Article Preview
TopIntroduction
Nowadays computer vision is widely applied in the industry. One of the most acute problems is the creation of automatic real-time controllers of production lines. In this paper, we consider quite specific, but practically important task in the field of video-based object detection, namely, the detection of a moving forklift truck and computing its key attributes (moving direction, cargo presence) in case of automation of a route building system in existing cargo warehouse.
It seems that the universal state-of-the-art object detectors can be used in this task. The careful attention should be primarily paid to such algorithms as SURF (Speeded-Up Robust Features) (Bay, Ess, Tuytelaars, Van Gool, 2008), SIFT (Scale-Invariant Feature Transform) (Lowe, 2004), ORB (Rublee, Rabaud, Konolige, Bradski, 2011) and FAST (Rosten, Porter, Drummond, 2010). These algorithms detects the keypoints and compute their descriptors on the target image of the object of interest.
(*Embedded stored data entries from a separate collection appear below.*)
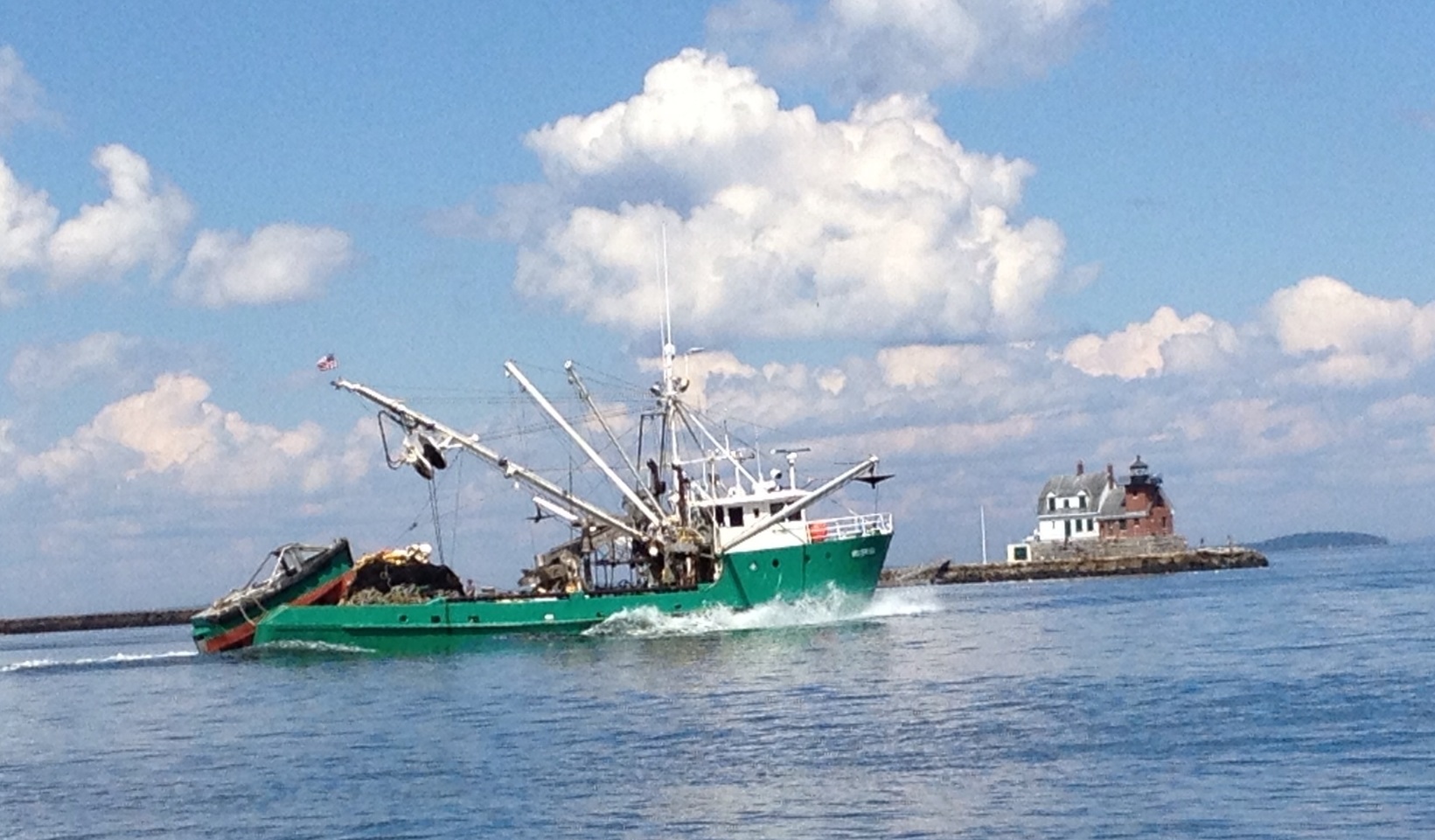 A beautiful seiner (type of fishing vessel) going by Rockland Harbor Breakwater Light as we’re coming in to port.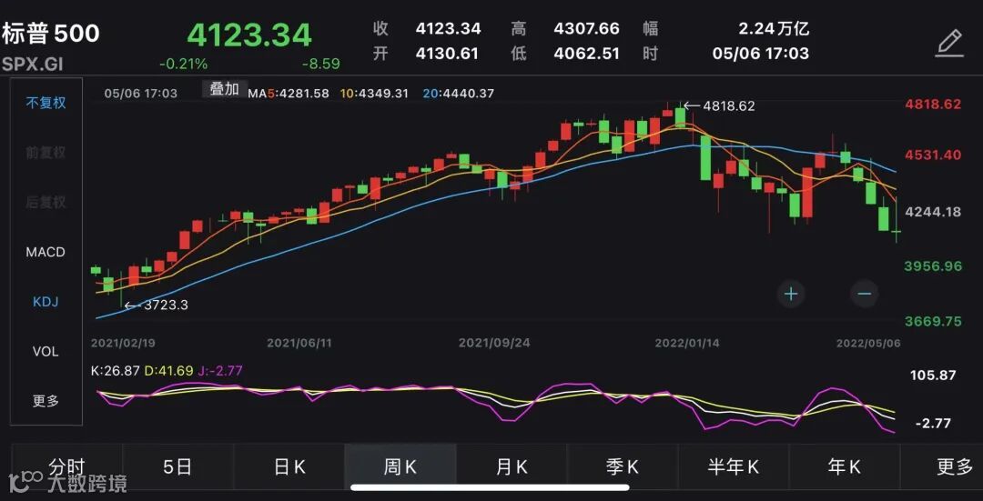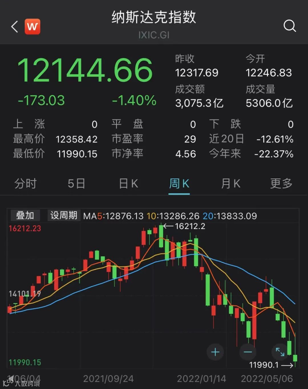 受美国货币政策转向鹰派等因素影响,美国股市自3月底以来表现持续低迷。数据显示,截至5月6日,与历史最高收盘点位相比,道指、标普500指数和纳指已分别累计下跌10.6%、14.04%和24.37%。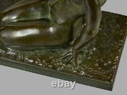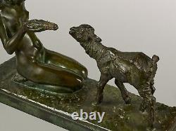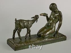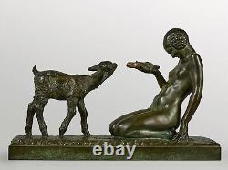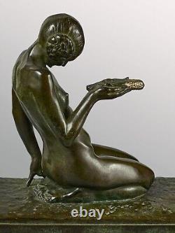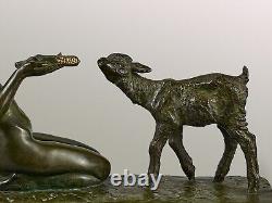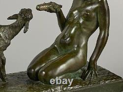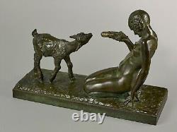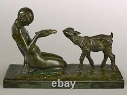 Sublime bronze and spectacular emerald green patina, from the Barbedienne foundry signature F. The work of Marcel Courbier won the Grand Prix National des Beaux-Arts upon its creation in 1926. Celebrated are: the grace of the young girl, the moving complicity with this little animal as fragile as it is docile, and the choice of a subject full of life, gentleness, and affection! Very high quality cast iron, called light, is made with the strict quantity of metal necessary for casting.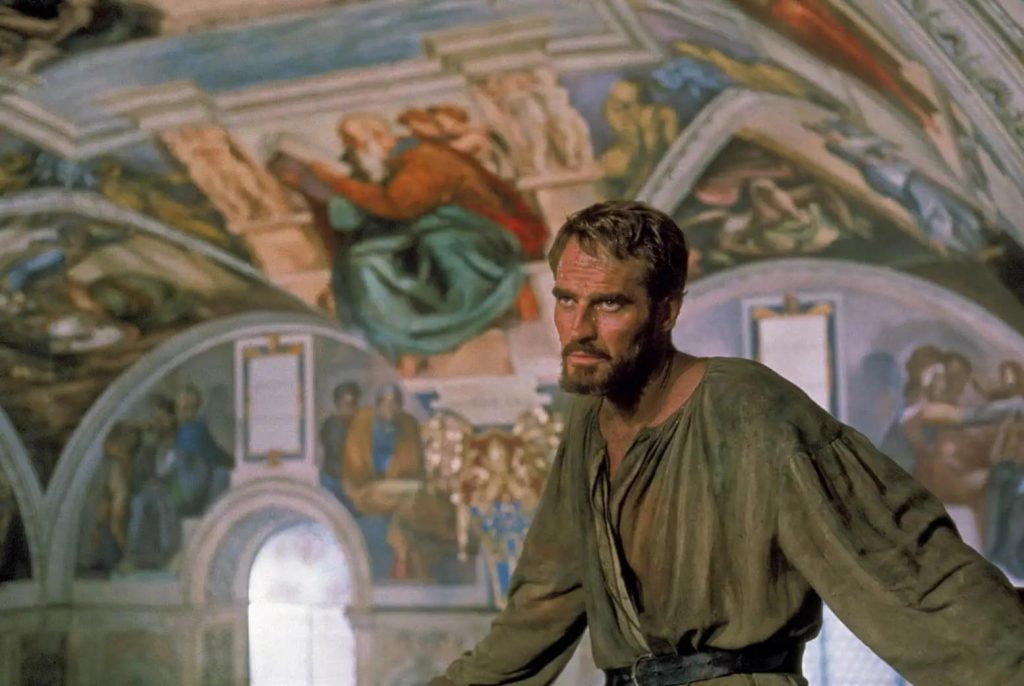 El tormento y el éxtasis está centrada precisamente en la creación de los frescos de la Capilla Sixtina y del enfrentamiento de genial Miguel Ángel con su mecenas el papa Julio II (Albissola Marina, 5 de diciembre de 1443-Roma, 21 (Londres, 30 de diciembre de 1906 – ibídem, 25 de abril de 1976) de febrero de 1513), pelea entre dos egos  desorbitados con una genial interpretación de Charlton Heston y Rex Harrison, dos actores que se llegaron a odiar en vida.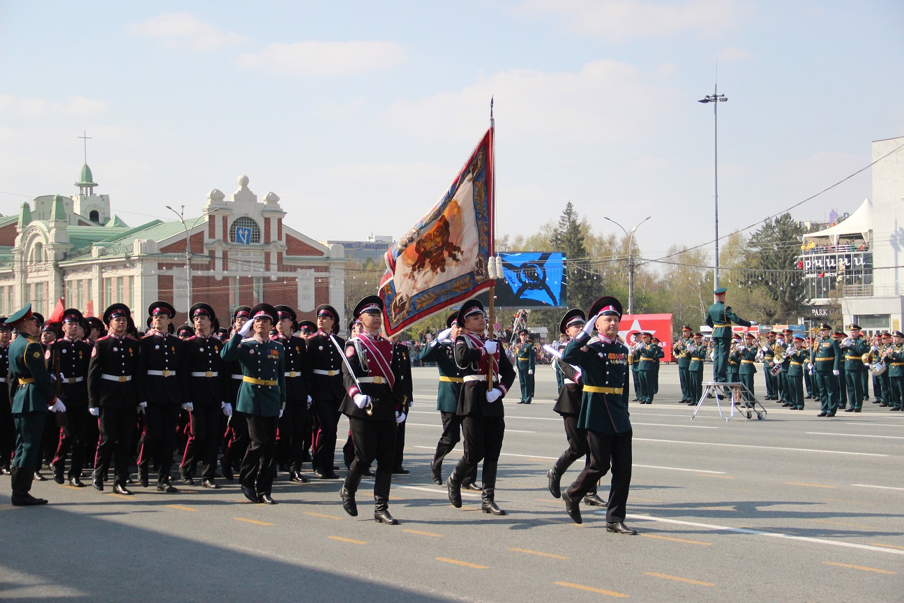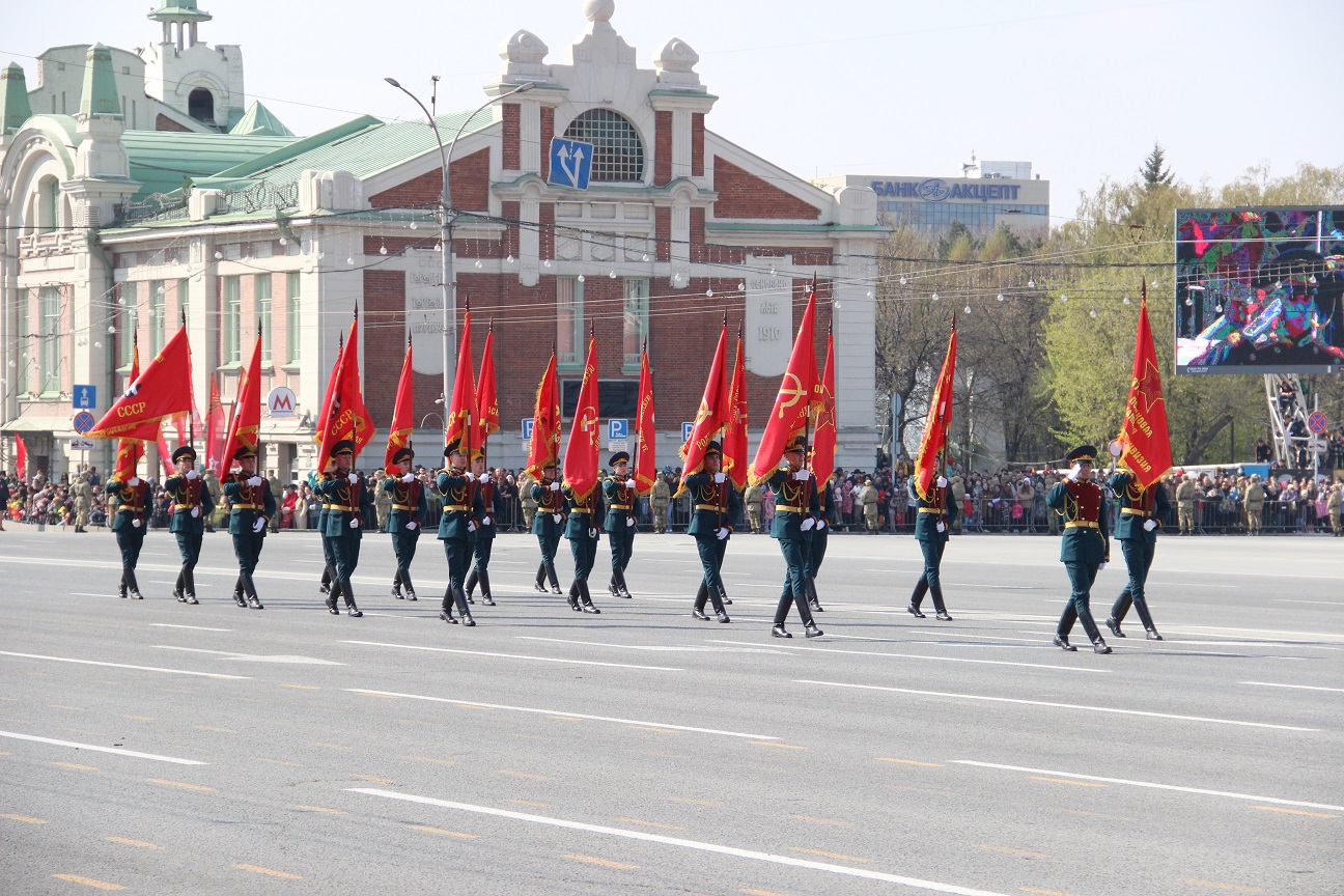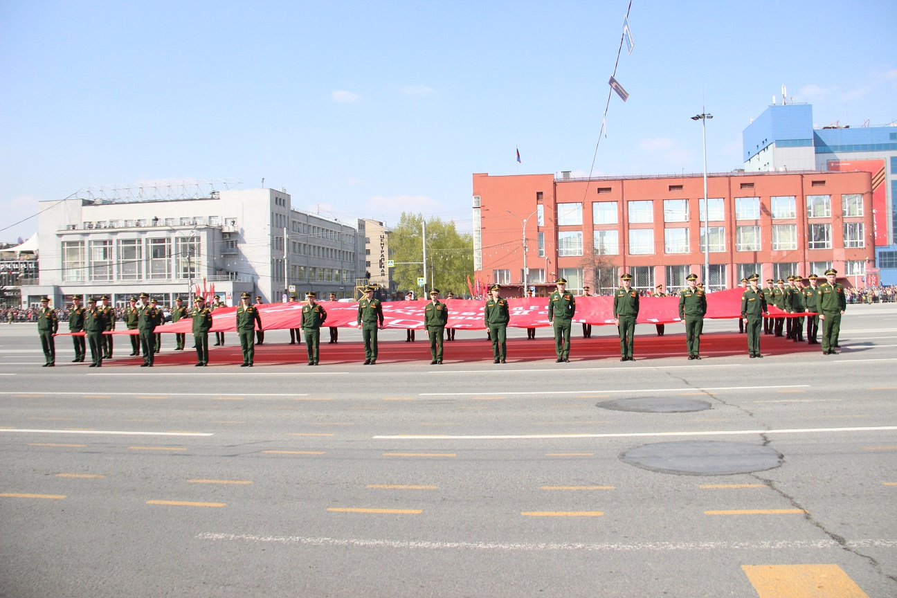В завершение парада по площади Ленина пронесли знамя Победы, полотнище «Новосибирск – город трудовой доблести», флаги советских республик, которые символизируют единство народа в борьбе с фашизмом.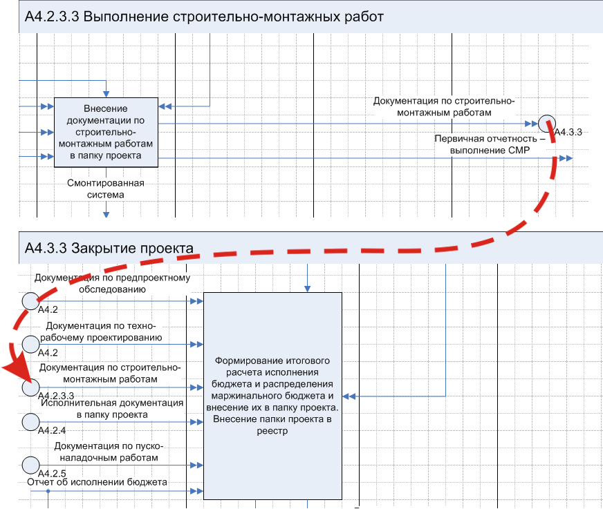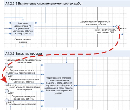 Главная ошибка здесь –попытка вместить в одну диаграмму всю деятельность компании. Нужно вовремя остановиться на промежуточном результате, передать его в другую процедуру и продолжить работу с ним в ее рамках. Это одна из возможностей Business Studio для удобного моделирования (рис.2):

The same procedure is repeated for each video frame and the similarity between keypoint descriptors is computed to obtain an appropriate affine transform of the model object (Lowe, 2004; Savchenko, 2013). Next, this matrix is verified with, e.g., RANSAC method (Forsyth, Ponce, 2002). Finally, an appropriate object tracking method is used to speed-up further processing of detected object (Lucas, Kanade, 1981).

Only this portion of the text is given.